» Task objective
Quote the lines of the data below verbatim, beginning at the line that contains "6 Drawer Cabinet" and ending at the last line, both included, and excluding pictures.

» Records for the exercise
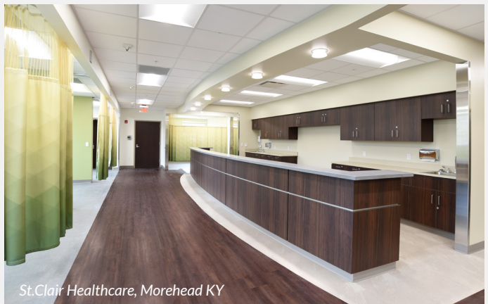
St. Clair Healthcare, Morehead KY
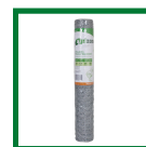
018-2304x Poultry netting
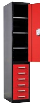
6 Drawer Cabinet
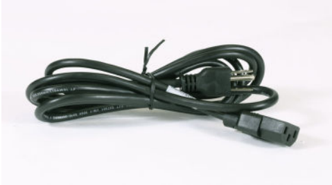
Power Cord CMP-CD02
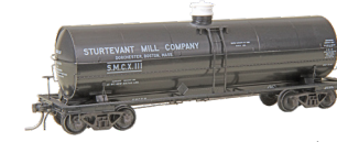
9019 SMCX #111.....$45.95

» Task response
6 Drawer Cabinet
Power Cord CMP-CD02
9019 SMCX #111.....$45.95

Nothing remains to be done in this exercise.